Никто из нас не знал, как ужасно страдали молча эти два красивых замечательных человека. Я не думаю, чтобы они когда-нибудь переставали любить друг друга. Но по сути своей натуры они друг другу не подходили и становились близки только в волнении и в сиянье возвышенных минут. Радостно-серьезного приятия жизни, ровного дыхания при собственной внутренней ясности Муот никогда не ведал, а Гертруда могла только терпеть и с жалостью наблюдать его бушеванья и раздумья, его падения и подъемы, его вечную жажду самозабвения и дурмана, но не могла ни изменить этого, ни в этом участвовать. Так они, любя друг друга, никогда полностью не сходились, и в то время как он видел, что обманулся в своей тайной надежде прийти благодаря Гертруде к миру и удовлетворению, она была принуждена бессильно смотреть и страдать от того, что ее добрая воля и ее жертва напрасны и что даже она не может утешить его и спасти от самого себя. Так у обоих оказались разбиты тайная мечта и самое заветное желание, они могли оставаться вместе, только щадя друг друга и принося жертвы, и было мужеством с их стороны, что они это делали. Я снова увидел Генриха только летом, когда он привез Гертруду к отцу. Он был с ней и со мной так нежен и предупредителен, каким я никогда еще его не видел; я заметил, как он боится ее потерять, и почувствовал также, что этой потери он не перенесет. Она, однако, была усталая и хотела только покоя и жизни в тиши, чтобы снова найти себя и снова обрести силу и равновесие. Однажды в прохладный вечер мы собрались у нас в саду. Гертруда сидела между моей матерью и Бригиттой, которую она держала за руку, Генрих тихо прохаживался взад-вперед среди роз, а мы с Тайзером играли на террасе скрипичную сонату. Как покойно отдыхала Гертруда, вдыхая мир этого часа, и как Бригитта с обожанием льнула к этой прекрасной страдающей женщине, и как Муот, в добром расположении духа, тихими шагами расхаживал поодаль, в тени, и слушал — эта картина осталась неизгладимой в моей душе. Позже Генрих сказал мне шутливо, но с грустными глазами:
— Как сидят рядком эти три женщины! Из всех троих счастливой выглядит только твоя матушка. Попробуем и мы дожить до ее лет.
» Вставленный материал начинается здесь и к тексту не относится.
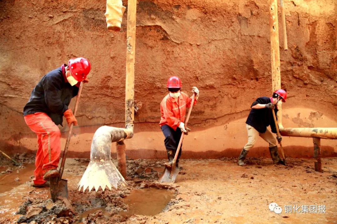 421,新橋礦業(yè)公司綜合保障分公司污水處理站內(nèi),30多名污水處理工,分成兩組,分別對老系列曝氣池和調(diào)節(jié)池污水收集溝進(jìn)行清理、疏通,共清理淤泥約3000立方米,疏通溝渠100多米。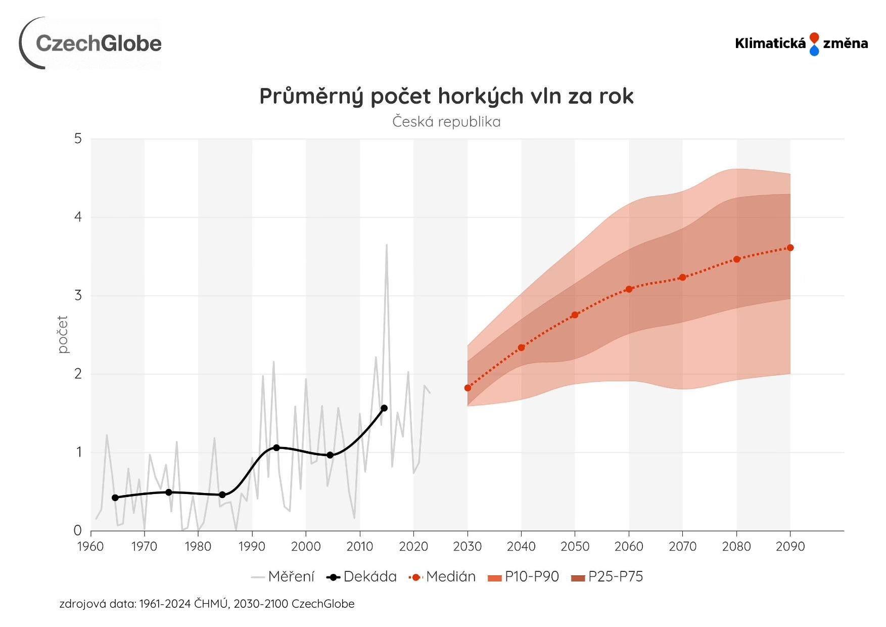 Obr. 5 Počet vln veder (jako alespoň 3 dny za sebou s teplotami nad 30 °C) od roku 1961 a jejich vývoj do budoucna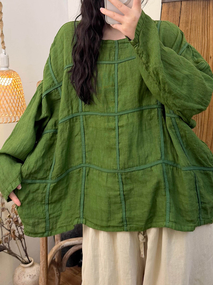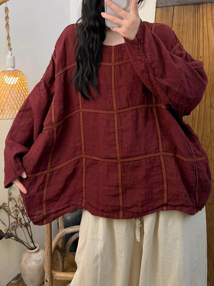 レディース 春 ヴィンテージ チェック柄 Oネック リネンシャツ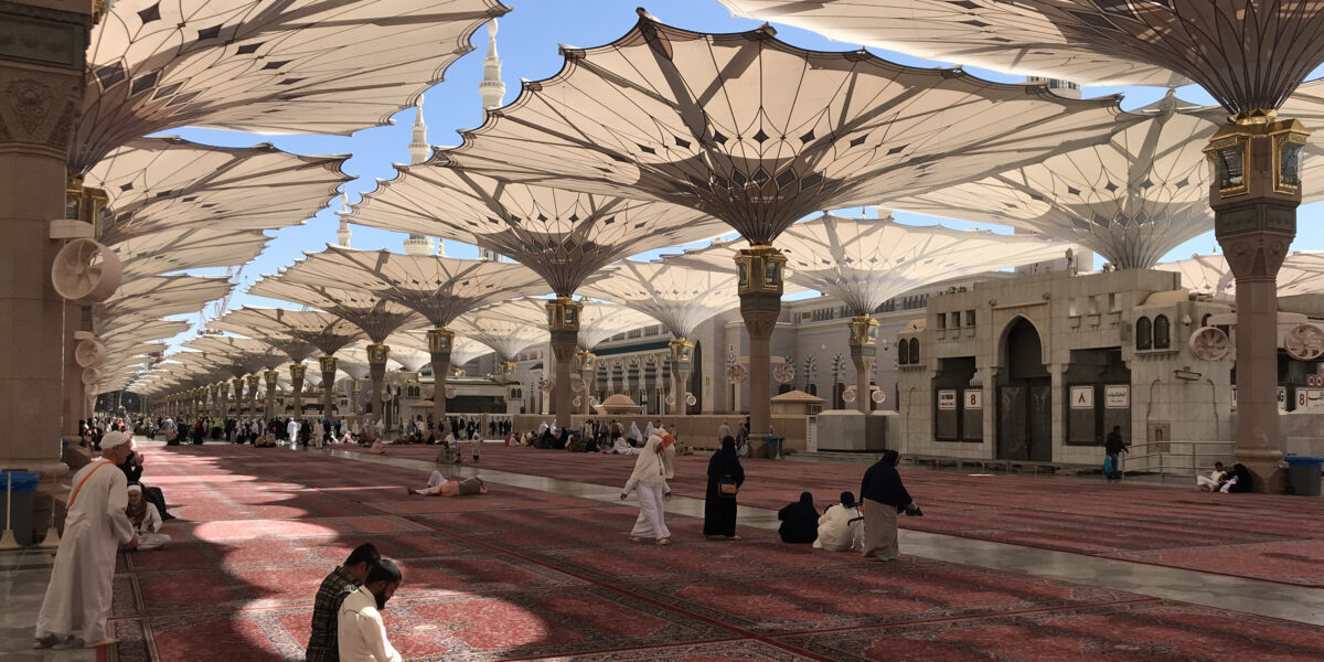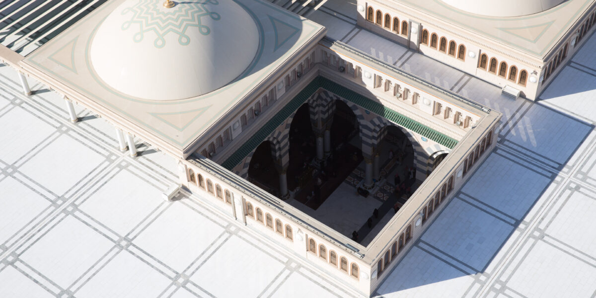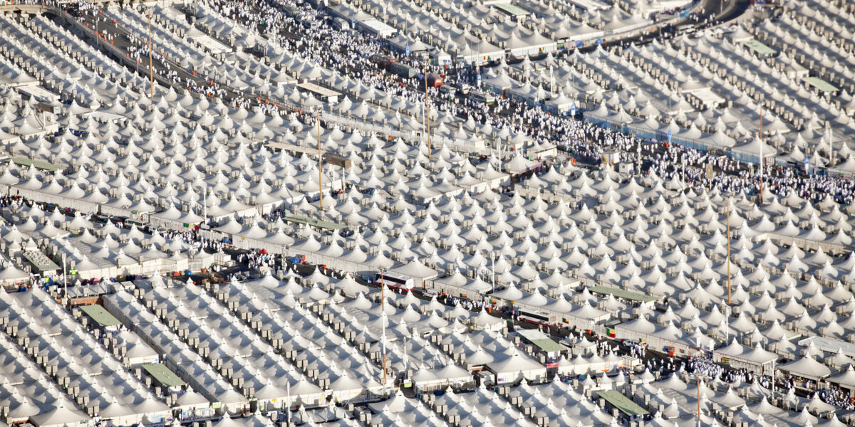Within Islam, the Hajj is one of the five pillars of faith. Each year, some 2 million pilgrims take part. Rasch gained great recognition for creating enormous self-deploying parasols in the city of Medina. These parasols protect pilgrims from the scorching sun. Besides crowd crushes, the heat is one of the main causes of death during the Hajj. What makes Rasch’s work distinctive is that he designs functionally for a spiritual practice. He was one of the first to map out the Hajj as a design challenge. This way of looking at the Hajj reveals to visitors all manner of earthly considerations and decisions for a heavenly project.

Потом мы разъехались: Муот отправился один в Байрейт, Гертруда с отцом в горы, Тайзеры в Штирию, а мы с матушкой опять к Северному морю. Там я часто бродил по берегу, слушал море и совсем так же, как много лет назад в годы ранней юности, с удивлением и боязнью размышлял о печально-нелепой сумятице жизни, о том, что любовь может быть напрасной и что люди, которые хорошо друг к другу относятся, живут, минуя один другого в своей судьбе, у каждого — собственной, непостижимой, и насколько каждый хотел бы помочь другому и быть к нему ближе, но не может этого, как бывает в бессмысленных и смутных ночных кошмарах. Вспоминались мне часто и слова Муота о молодости и старости, и я задавался вопросом, станет ли жизнь когда-нибудь и для меня простой и ясной. Матушка улыбнулась, когда я коснулся в разговоре этой темы, и вид у нее был по-настоящему довольный. И чтобы меня пристыдить, она напомнила мне о моем друге Тайзере, который был еще совсем не стар и все же достаточно стар для того, чтобы успеть испытать свою долю, но продолжал жить безмятежно, как ребенок, с мелодией Моцарта на устах. Дело было не в возрасте, это я понимал и сам, и, возможно, наше страдание и неведение было действительно только болезнью, о которой мне когда-то говорил господин Лоэ. Или этот мудрец был тоже ребенком, как Тайзер?
Так или иначе, от моих рассуждений и напряженных раздумий ничего не менялось. Когда музыка волновала мне сердце, я понимал все без слов, чувствовал в глубине всякой жизни чистую гармонию и, казалось мне, знал, что во всем происходящем скрыт некий смысл и прекрасный закон. Если это и было заблуждение, то я жил в его власти и оно делало меня счастливым.
Возможно, было бы лучше, если бы Гертруда не расставалась на лето с мужем. Она, правда, начала приходить в себя и осенью, когда я увидел ее по возвращении из путешествия, выглядела более здоровой и крепкой. Однако надежды, которые мы возлагали на эту поправку, оказались напрасными.